Discussion about how how to choose the d- and q-axis components of the sinusoidal three-phase currents feeding the BLAC machine.

It is assumed that the BLAC machine is fed with perfectly sinusoidal three-phase currents, where the current vector is characterized by its d- and q-axis components. The dq-axes reference frame is a convenient way to represent sinusoidally changing quantities as constants. The dq-axes reference frame is fixed to the rotor and turning with the same speed as the rotor. As shown in Fig. 1 on the example of a two pole surface-mounted permanent magnet rotor, the d-axis is always lying in the direction of the magnetic field of the permanent magnets. The q-axis is turned by 90 electrical degrees, i.e. it always lies between two magnetic poles of the machine.

Fig. 1 Definition of dq-axes reference frame in permanent magnet machines.

As shown in Fig.1, the q-axis current $I_q$ creates a magnetic field in the q-axis that interacts with the magnetic field of the permanent magnets $\Psi_m$ lying in the d-axis to generate torque. The d-axis current $I_d$ creates a magnetic field in the d-axis, which can be used to weaken the magnetic field of the permanent magnets when chosen negative (field weakening operation above base speed). With a salient rotor construction (q-axis inductance is larger than d-axis inductance $L_q>L_d$), a negative d-axis current can also contribute with reluctance torque according to the classical torque equation of a permanent magnet machine: $$T=\frac{3}{2}\frac{p}{2}\left(\Psi_mI_q + (L_d-L_q)I_qI_d\right)$$ where $p$ is the number of poles.

As shown in Fig. 1, the current vector is defined by its peak value $I$ and its current angle $\gamma$ towards the q-axis.

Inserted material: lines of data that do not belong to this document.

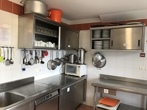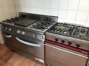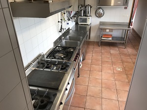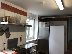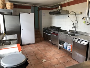 Equipement professionnel : congélateur, 2 armoires réfrigérées 700L, 2 pianos de cuisine gaz, 2 fours gaz, plong, lave vaisselle, micro-onde, percolateur café, bouilloire, vaisselle…
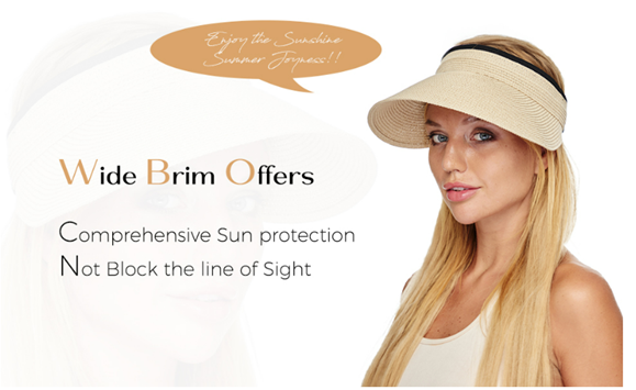 High-quality paper straw material: Womens visor is tightly woven to ensure that the straw hat is durable and comfortable, and the sun will not directly hit your face through the gaps;
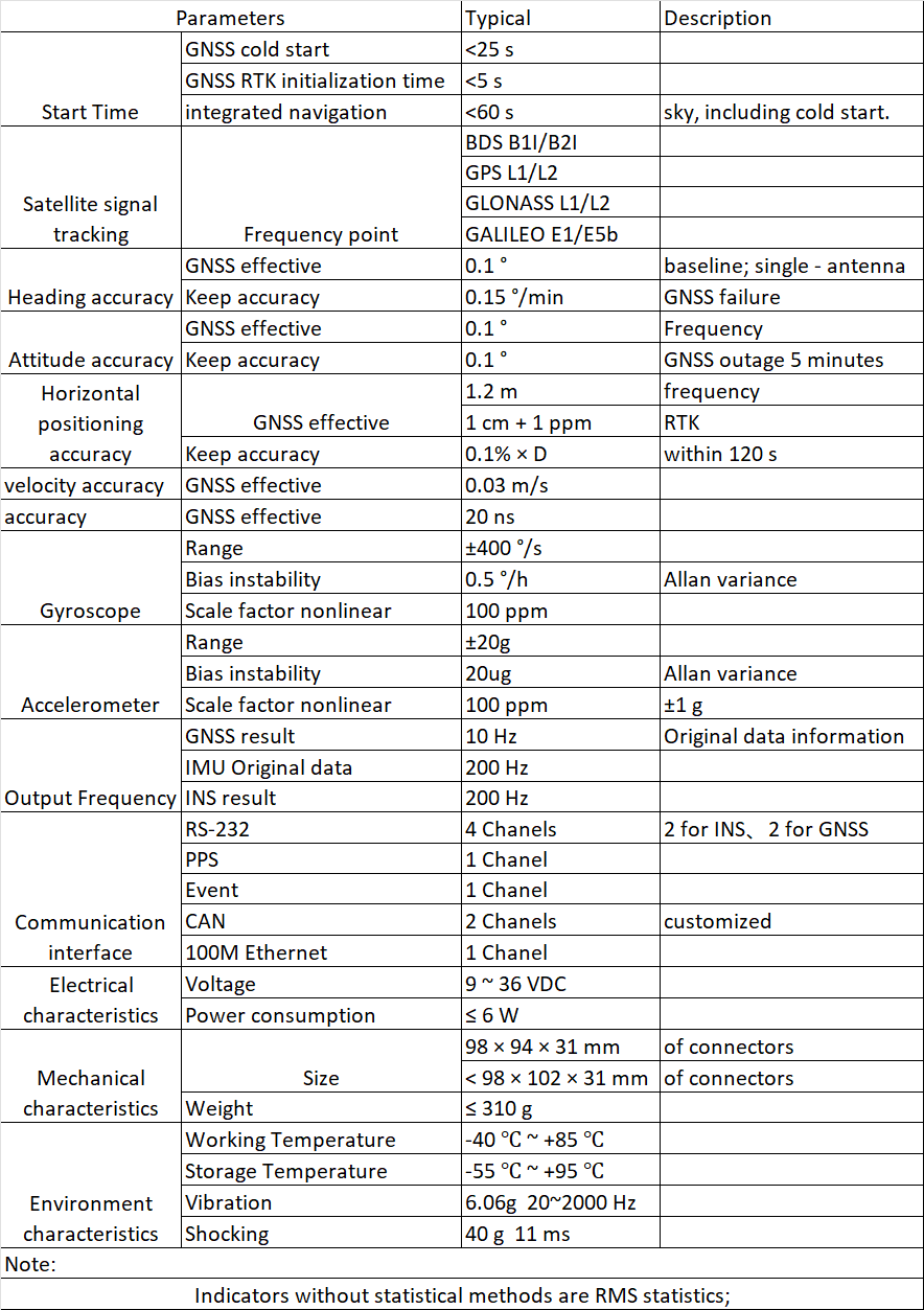 ⚪ The horizontal position accuracy can be within 0.2%×D with GNSS outage①
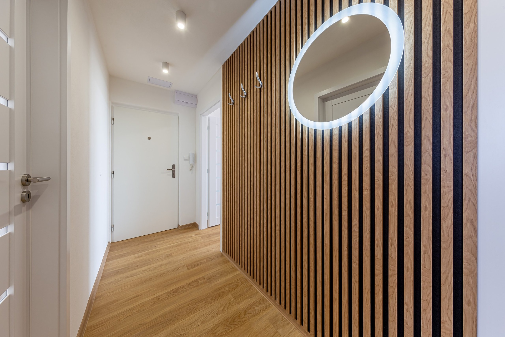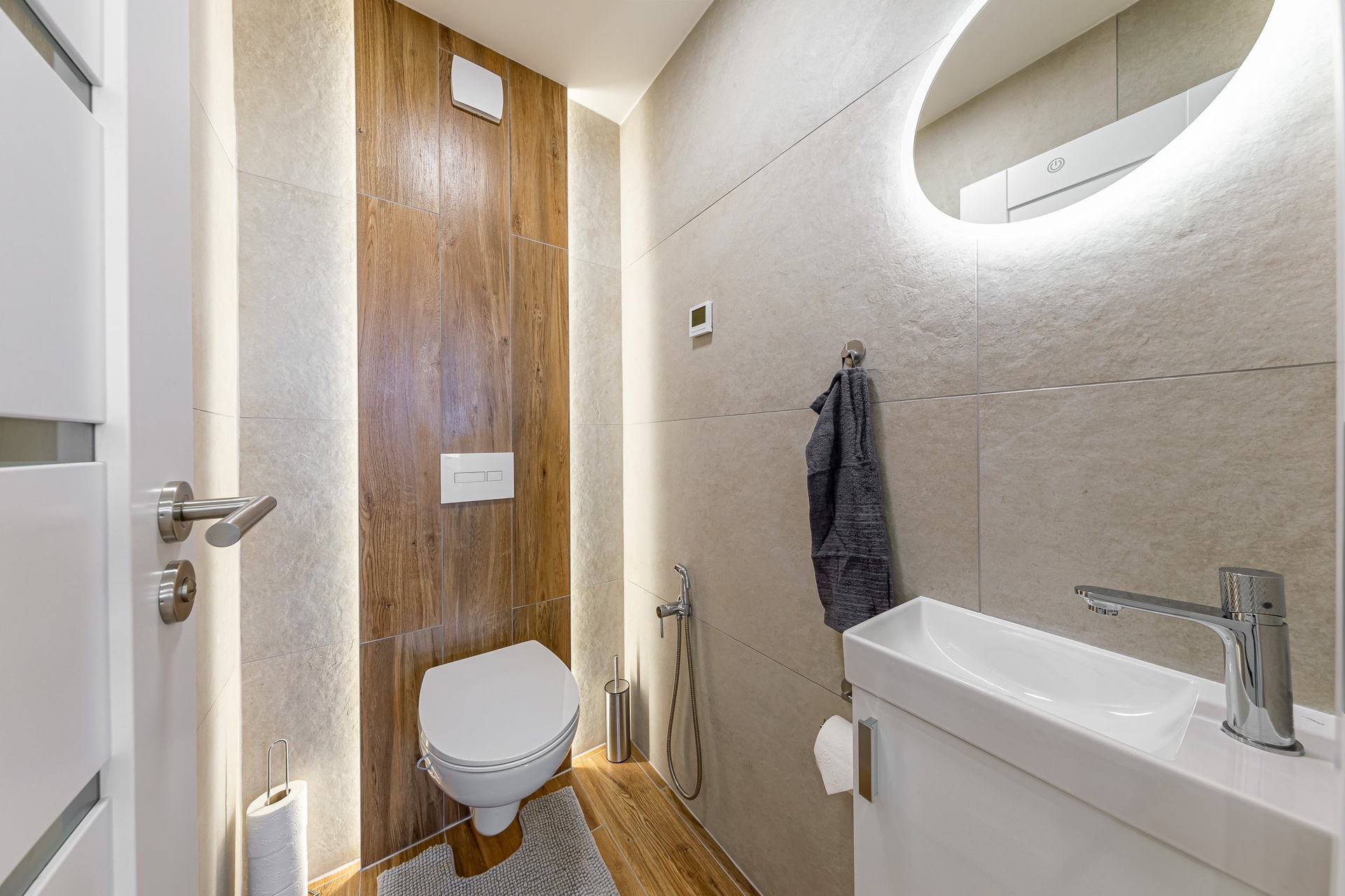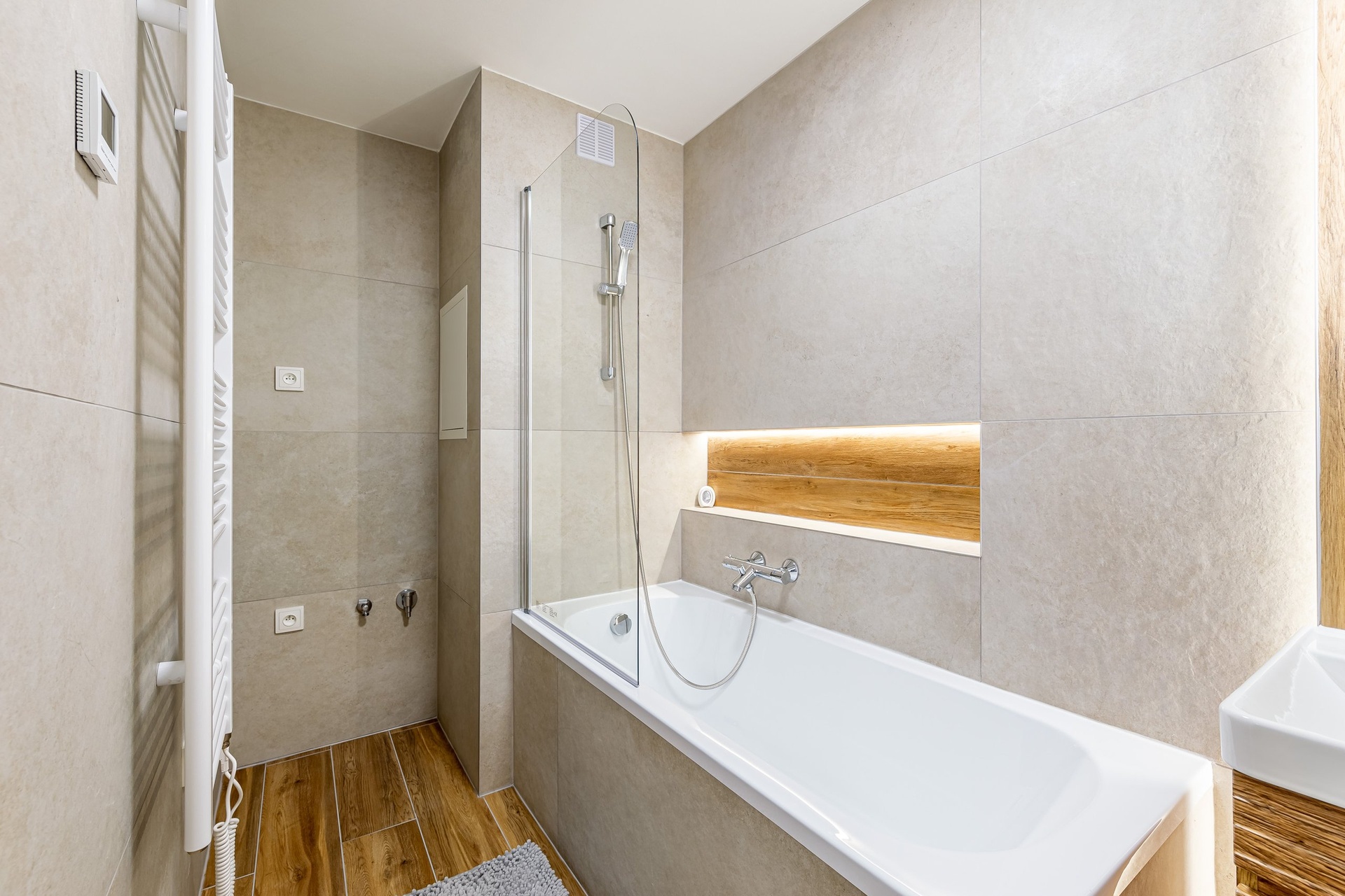V bytě je nová elektroinstalace včetně revize, nové zásuvky a vypínače, nové rozvody vody a odpadů, koupelna s vanou včetně skleněné zástěny, koupelnová skříňka s umyvadlem včetně baterie, LED zrcadlo, LED osvětlení panelu včetně niky v koupelně, elektrický koupelnový radiátor, podlahové vytápění v koupelně a na WC, vestavěné WC, umývátko se skříňkou, bidetová sprška, LED zrcadlo, LED osvětlení panelu, ventilátor, nové horizontální žaluzie, vinylové podlahy, LED osvětlení celého bytu, akustické panely na chodbě a obývacím pokoji, nové interiérové dveře a zárubně, protipožární dveře.

The relationship between the amplitude and phase angle of the current vector and the dq-axes components is given by the following equations: $$I_q = I\cos{\gamma}$$ $$I_d = -I\sin{\gamma}$$ $$I = \sqrt{I_d^2+I_q^2}$$ $$\gamma = tan^{-1}\left( -\frac{I_d}{I_q}\right)$$

Fig. 2 shows an example of the airgap flux density of a surface-mounted permanent magnet machine fed with q-axis current only. The figure shows how the magnetic field from the permanent magnets and the armature reaction interact, and how their superposition gets affected by saturation and the slotting effect due to the stator slot openings. It can also be seen from Fig. 2 that when the current angle $\gamma$ is approaching 90 electrical degrees (negative d-axis current only), the armature reaction is directly opposing the magnetic field from the permanent magnets. As a consequence, the risk for demagnetization of the permanent magnets increases with an increasing current angle.

Fig. 2 Airgap flux density: a) from radially magnetized surface-mounted magnets (ideal), b) from armature reaction only (ideal), from both permanent magnets and armature reaction (c) ideal, with q-axis current only, d) simulated).